Crimean wines might not be the most famous in the world or in that fact the most respected, but due to the fine Mediterranean climate around this part of the Black Sea peninsula it is easy to see that certain grape varieties would flourish. Crimea’s wine industry dates back to the early 19th century, when the first vineyards were planted by Prince Lev Golitsyn and the then governor of Crimea, Count Mikhail Vorontsov. The varieties first planted were Aligote, Pinot and Semillon. Although there are ancient records that mention wine in the Crimean area over two thousand years ago.
Czar Nicholas I
During the reign of Czar Nicholas, I, the Russian people thought Crimean wine was one of the finest available, it was treasured.
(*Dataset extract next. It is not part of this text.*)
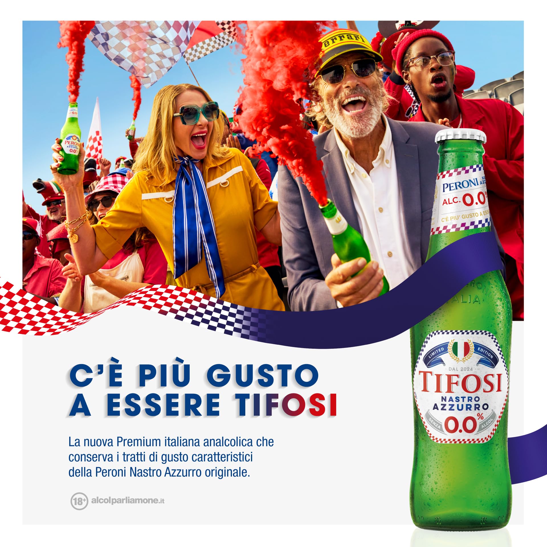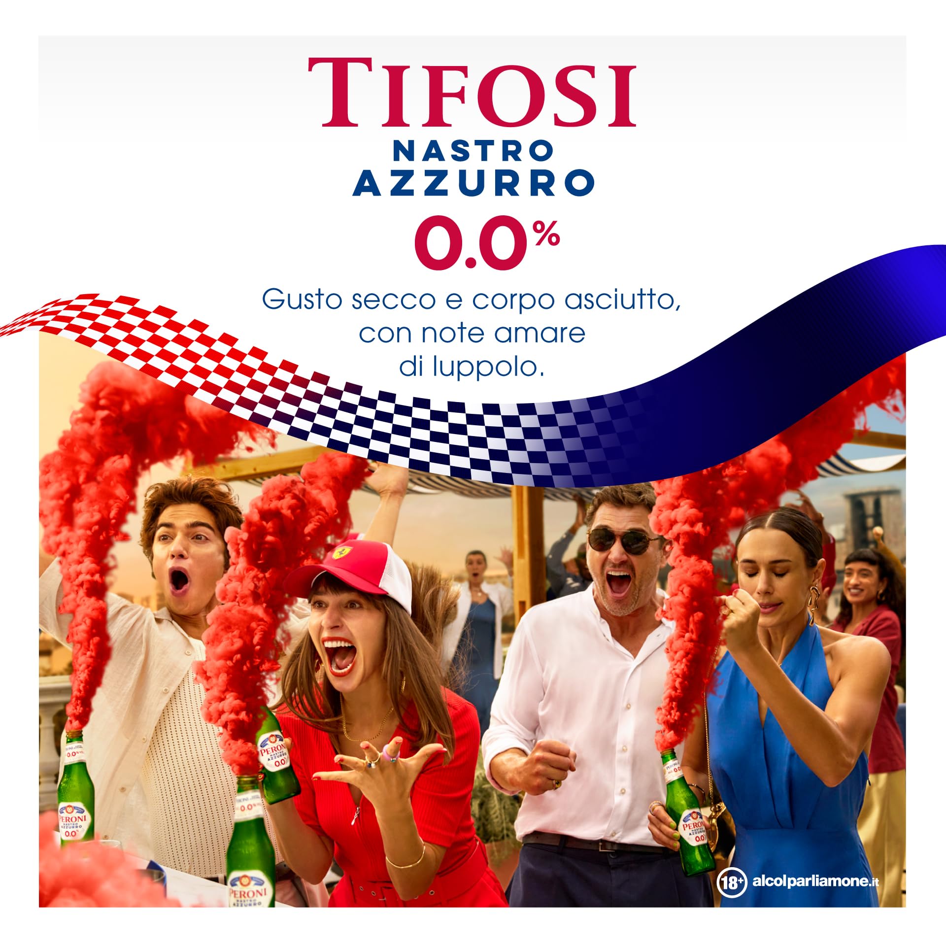 Peroni Nastro Azzurro 0.0 Edizione Speciale Tifosi Birra Analcolica Premium Lager, Cassa Birra con 12 Birre in Bottiglia da 33 cl, 3.96 L, Gusto Secco e Rinfrescante, Zero Alcol
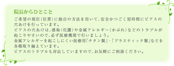 |院長からひとこと|ピアスの穴あけが可能な部位|ピアスの穴あけ方法|

But in recent times the struggle to keep up with the giant demand from Russia meant that Crimean wines were not held to the strict quality obligations of former times. In fact, the term gut rot was often levied at the wine from the Crimea. Today things have changed, and Crimea is once again making wine worthy of Czar Nicholas I. The bottles from the Crimea are finally making their way back to the cellars of the Kremlin.
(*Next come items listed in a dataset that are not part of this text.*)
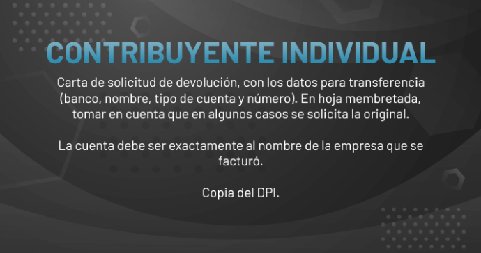 Toda devolución se realiza mediante transferencia bancaria a nombre del titular de la factura. Para montos iguales o superiores a Q50,000.00 la devolución se efectúa mediante cheque.
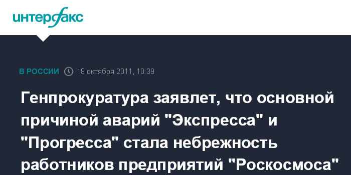 Москва. 18 октября. INTERFAX.RU - Аварии космических аппаратов "Экспресс" и "Прогресс" произошли по причине небрежности работников госпредприятий, подведомственных "Роскосмосу", а также из-за отсутствия со стороны Федерального космического агентства контроля за принятием соответствующих решений, заявляют в Генпрокуратуре.
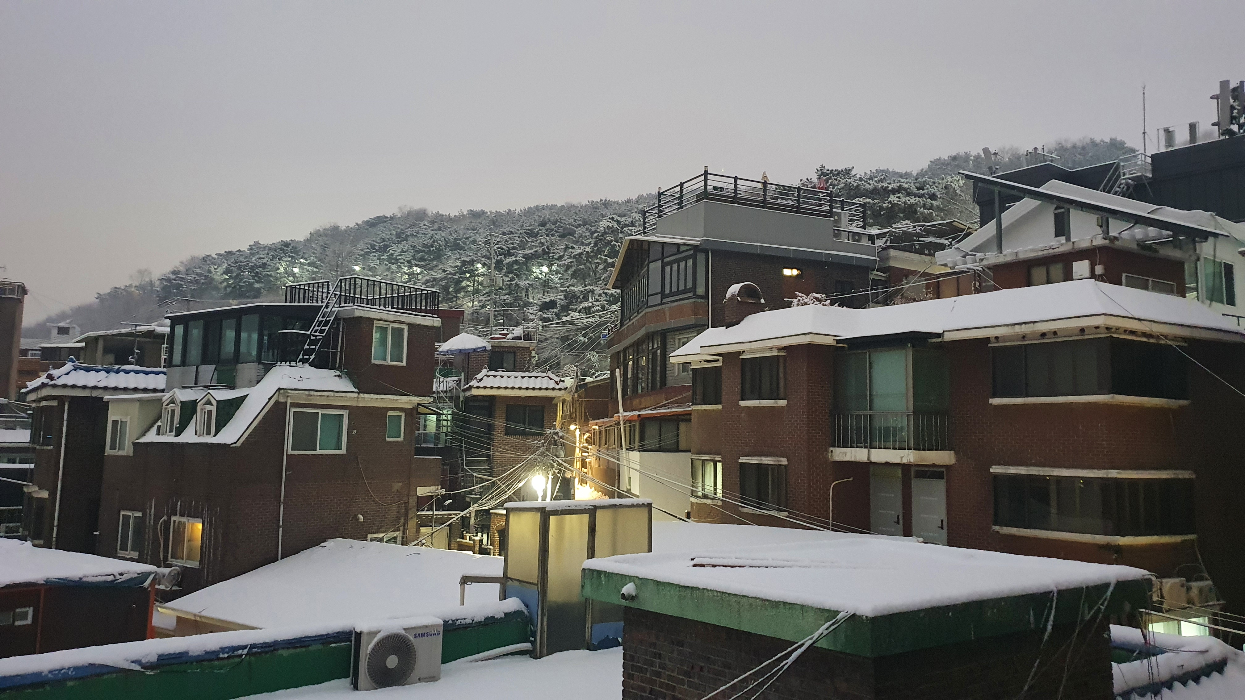 지붕 위에 눈들이 소복소복 쌓여간다.

Russia’s annexation of the Crimea four years ago has given a new optimism to the peninsula’s wine industry. There is a forward promotion of Crimean wines in Russian stores, and recently even the prime minister, Dmitry Medvedev related that the Russian government would support the Crimea in its winemaking endeavours. This is all part of a bigger plan for the peninsula’s economic overhaul.
Types of Wine
The main grape types that can be found in Crimea are, Muscat, Cabernet Sauvignon, Aligote, Isabella, Pinot gris, Pinot noir and Chardonnay. There are two particular wines that really stand head and shoulders above all others that Crimea produce, and they are Dessert and Sparkling wines. Sovetskoye Shampanskoye is Russia’s equivalent of Champagne and the production is increasing to cope with the demand. The Crimean sparkling wine is one of the most respected in Russia.
The Crimean Wine Industry
Although respected in the immediate vicinity, Crimea’s wines have never garnered acclaim from further afield. There have been several vineyards such as Novy Svet and Massandra that have been producing quality wines for over one hundred years, making fortified and dessert wines in the traditional French way. Gerard Depardieu, the famous actor, is a big fan of Crimean wines so much so that he now owns several vineyards in Simferopol, which as it happens sits on the same latitude as Bordeaux. The future for the Crimean wine industry indeed looks rosy, the biggest market is their close neighbour, Russia. And indeed, recent surveys say that the Russian drinking habits are changing, Vodka is now receiving serious competition and one challenger is wine. In the last twenty years the Russian wine consumption has doubled which actually makes it the fastest growing wine market in the world.
Crimea is on its doorstep, and the Crimean wine industry is ready to step into the breech and supply this new market with as much wine as it wants.